A la oligarquía no le interesa el fortalecimiento de la democracia, al contrario, se han beneficiado de la decepción del pueblo y de su indiferencia a participar en los procesos democráticos.

La idea inicial de incluir este derecho en nuestra Constitución, (artículo 35, fracción IX) era la de contar con un mecanismo que le permitiera al pueblo de México evaluar y sancionar, en caso de ser necesario, al ejecutivo federal. Todo surge, muy probablemente, a raíz de los incontables fraudes electorales de los que hemos sido víctimas y testigos en los últimos sexenios. Armar a la gente con herramientas que le devuelvan el poder, ha sido uno de los principales legados que Andrés Manuel ha querido dejarnos: en democracia, el pueblo quita y el pueblo pone.

La ley reglamentaria del mecanismo revocatorio, en su artículo 5, dice: “El proceso de revocación de mandato es el instrumento de participación solicitado por la ciudadanía para determinar la conclusión anticipada en el desempeño del cargo de la persona titular de la Presidencia de la República, a partir de la pérdida de la confianza”. Es decir, que el pueblo solicitará, a través de los mecanismos dispuestos en dicha ley, la realización de este ejercicio con el fin de invitar a todos sus connacionales a involucrarse en el proceso para la remoción del ejecutivo federal. En este sentido, un sector amplio de los que apoyan al actual presidente se ha mostrado reacia a participar ya que no se entiende por qué, si votaron por el presidente, deben sumarse a la revocación. Tales dudas han sido muy frecuentes, especialmente entre aquellos que no vivieron en el antiguo Distrito Federal, cuando Andrés Manuel fue Jefe de Gobierno de la ciudad. Recordemos que en ese entonces, él mismo se sometió a un proceso similar en dos ocasiones, de las cuales resultó victorioso con el 90% de aprobación [5]. Ahora, simplemente ha querido extender el poder del pueblo a nivel nacional, sometiéndose él mismo al escrutinio y poniendo el ejemplo para los futuros mandatarios.

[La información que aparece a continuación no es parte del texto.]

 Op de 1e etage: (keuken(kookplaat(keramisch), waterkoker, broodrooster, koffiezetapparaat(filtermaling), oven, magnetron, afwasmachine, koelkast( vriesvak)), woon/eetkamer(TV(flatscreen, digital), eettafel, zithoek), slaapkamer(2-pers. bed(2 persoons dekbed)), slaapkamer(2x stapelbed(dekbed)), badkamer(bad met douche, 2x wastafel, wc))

En efecto, la gente que votó por él para presidente no quiere que deje su cargo, sino por el contrario, muchos ya hablan de alargarlo un sexenio más, por lo menos.

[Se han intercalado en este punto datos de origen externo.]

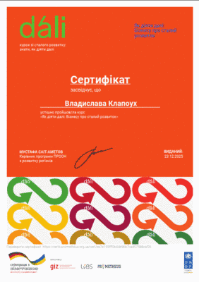 Клапоух Владислава успішно завершила курс «Як діяти далі: бізнесу про сталий розвиток», спрямований на формування системного розуміння концепції сталого розвитку, ролі бізнесу в досягненні Цілей сталого розвитку ООН, а також інтеграції принципів сталості в управлінські та бізнес-процеси. За результатами навчання здобувачка отримала сертифікат, що підтверджує опанування відповідного обсягу навчального матеріалу в межах неформальної освіти.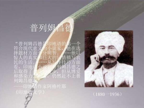 普列姆昌德是印度进步文学运动的代表作家,他在印度有"小说之王"的美誉。代表作:《戈丹》,《舞台》、《服务院》印度现代印地语和乌尔都语杰出小说家。他的小说以批判现实主义的精神,剖析了腐败的印度社会,揭露了种种社会弊端,刻画了各种出身、职业、阶层、地位的男女老少众多的人物,从而构成了20世纪早期的印度社会的广阔图画。他的文学创作和他倡导的富有进步和民主精神的文学理论影响了整整一代作家。1908年出版小说集《祖国的痛楚》,遭英国殖民当局查禁。1918年出版了他第一部成功的长篇小说《服务院》。在整 个30多年的创作生涯中,他创作了15部中、长篇小说(包括两部未完稿,300 篇左右的短篇小说。长篇小说中,主要还有《仁爱院》、《舞台》、《妮摩拉》和《戈丹》,《戈丹》是他的代表作。短篇小说中,有不少优秀的品,像《沙伦塔夫人》、《象棋手》、《开斋节的会礼地》、《可番布》都脍炙人口。

Lo que necesitamos comprender es que se ha puesto amplio empeño en generar las condiciones para que la gente salga y vote. Para que participe con mayor frecuencia en las decisiones del país y no sólo en las renovaciones de los congresos, federal y locales o las de la administración pública (presidentes municipales, gobernadores y Presidente de la República). A los partidos conservadores les encanta la idea de que el ciudadano vote y se olvide de la vida política del país; que se limite a ir a votar una vez cada tres años y listo, sin participar activamente en las decisiones que le afectarán en su vida diaria, normal y cotidiana, e incluso, que determinarán su futuro. Este modelo de democracia indiferente es la que se ha mantenido por décadas, pero ahora, Andrés Manuel quiere fomentar la participación activa de la ciudadanía en la vida política del país, involucrándonos a todos en la toma de decisiones. Buena parte de ello se refleja en su interés por informar diariamente al pueblo de México de sus actividades, avances y estancamientos.

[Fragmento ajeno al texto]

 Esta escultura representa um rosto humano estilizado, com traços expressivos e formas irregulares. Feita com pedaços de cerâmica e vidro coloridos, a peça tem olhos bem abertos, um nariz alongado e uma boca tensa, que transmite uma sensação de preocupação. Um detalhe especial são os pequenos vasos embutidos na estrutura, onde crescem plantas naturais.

Por supuesto, los enemigos de la democracia como lo son los partidarios de la derecha más extrema, así como el propio INE, han hecho todo lo posible por entorpecer esta fiesta democrática. Han difundido mentiras de todo tipo, haciéndole creer a la gente que este ejercicio generaría una reelección; que con esto, AMLO se perpetuaría en el poder.

Sin embargo, la razón real de por qué el ala más corrupta se niega a que la gente salga y vote es simple: están en total desacuerdo con la revocación del mandato pues tienen miedo de que cuando les toque gobernar e impulsen medidas en contra del pueblo, éste pueda, a mitad del período, expulsarlos del cargo. Así, es normal que la derecha y la élite corrupta del país se niegue rotundamente a que el pueblo tenga el poder en sus manos. Tal es su miedo que, para que esta ley se aprobara, muy a su pesar, pusieron candados que no existen para las elecciones legislativas o para cargos públicos de elección popular, a saber: se requiere reunir firmas en cantidad equivalente al 3% de la lista nominal, de por lo menos 17 estados de la república y que, además, las firmas de cada estado correspondan al 3% de la lista nominal local. Además, para que el proceso sea vinculante, es decir, que sea efectivo en términos legales, deberá haber un 40% de participación, basado en la lista nominal. No es muy distinto para el caso de las consultas populares (art. 35 de la Constitución [2]). A diferencia de las elecciones “normales”, donde un voto basta para que la elección sea válida, para las consultas o la revocación se requiere de un altísimo nivel de participación ciudadana. Es bien sabido que en nuestro país, ésta no suele ser muy elevada pues incluso en las elecciones presidenciales que son las que despiertan mayor interés, suele rondar el 60% [6, 7, 8]. Pedir un 40% en un ejercicio democrático nuevo, es casi pedir lo imposible. Así, los gobernantes corruptos ponen candados a la democracia para, como suele decirse, “curarse en salud”.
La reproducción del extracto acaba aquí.